Past Research Projects

Learn Braille Device (2015 - 16)

   Braille is a language that was developed with the sole intention of providing a medium for users who are blind or have low-vision to understand text the same way humans read and write text. Due to the loss of at least one sensory input, this language systems relies on a user’s ability to touch and feel. However, historically, in order to learn braille, the user must rely on additional help to understand how to obtain information from braille. Especially in this era when there are less teaching professionals qualified to teach braille. Therefore, we present a novel approach that provides an alternative to helping users who are blind or low-blind disabilities to learn braille by use of affordable technologies.

Adaptive Learning System in Language based Environment for Children with Autism Spectrum Disorder (2015 - 16)

   Autism spectrum disorder (ASD) is one of the most significant public health concerns in the United States and also worldwide. Children with ASD are often lack in verbal ability. Even though early interventions can improve it greatly, high cost and difficult access to special education services challenge families with a child with ASD. This research study proposes a technical methodology that can be easily deployed in a daily environment of children with ASD and teach language to them with low cost, based on embedded devices and semantic information which can be extended to a cyber-physical system in the future. This method will provide verbal descriptions of objects and also adapt the level of descriptions to the child's learning achievements.

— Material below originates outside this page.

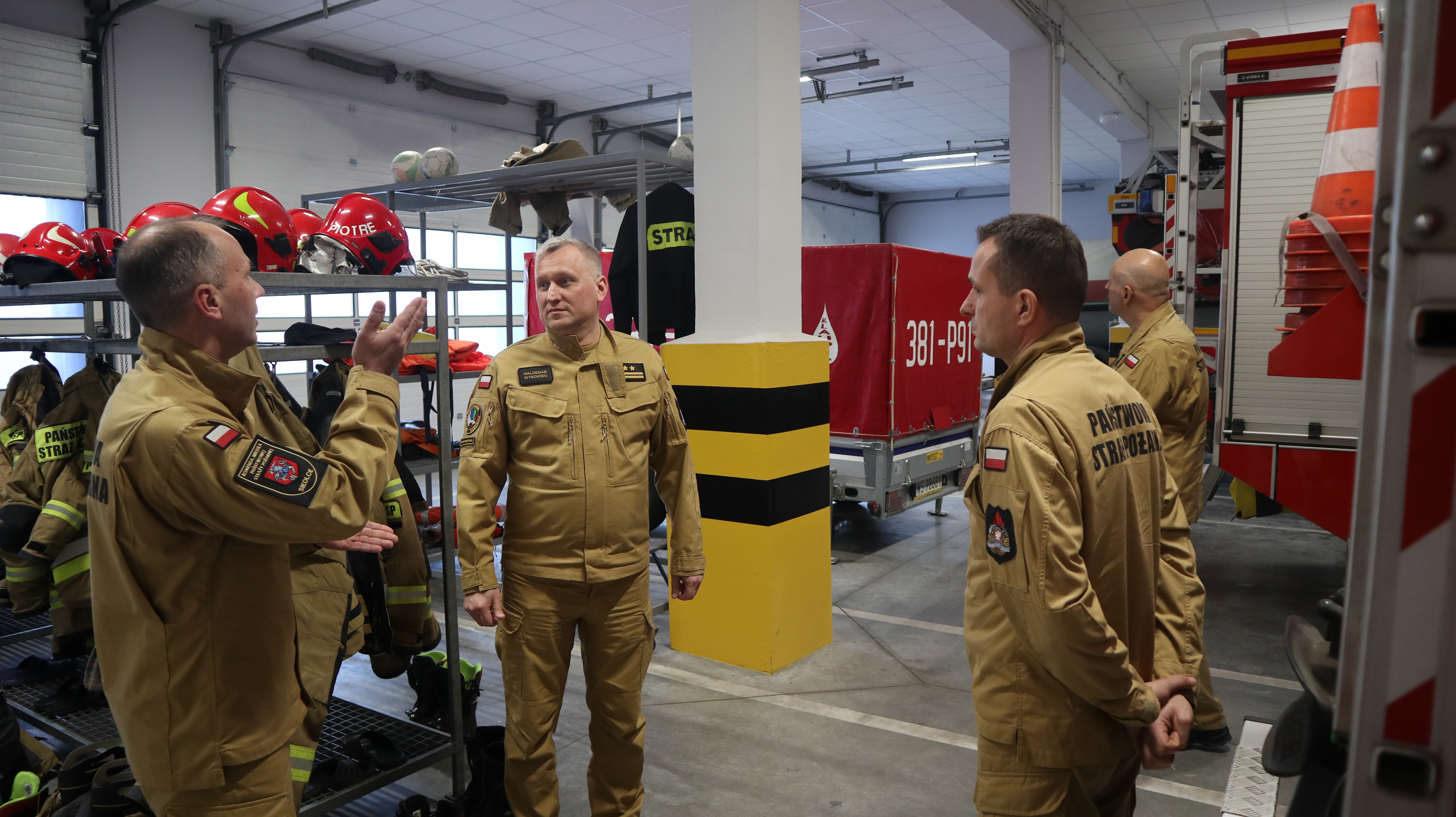 Podczas wizytacji Komendant spotkał się ze strażakami, pełniącymi w tym dniu służbę. W trakcie spotkania omówiono warunki pracy i służby strażaków, funkcjonowanie Komendy oraz sprawy bieżące. Komendant Wysowski dokonał również wizytacji zaplecza sprzętowego oraz terenu Jednostki Ratowniczo - Gaśniczej nr 1. Miłym akcentem było przekazanie sprzętu zakupionego ze środków Komendy Wojewódzkiej PSP w Warszawie.

This project is collaborated with the M2M Lab at Purdue University.

Establishment of End-to-End Wireless Network with Mobile Robots (2013 - 16)

   In this research we tackle the fundamental problem of finding the optimal location and allocation of mobile robots in an application of the establishment of an immediate end-to-end communication. Often this is called the multi-robot deployment problem in networked robotics. To this end, we formulate an end-to-end communication problem, in a general optimization form, with constraints that consider the operation of robots and the types of antennas. Additionally, constraints on the propagation of radio signals and infeasible locations of robots within physical obstacles are also taken into consideration for a dense space. To solve the optimization problem we explore the use of evolutionary optimization techniques such as Genetic Algorithm (GA) and Particle Swarm Optimization (PSO).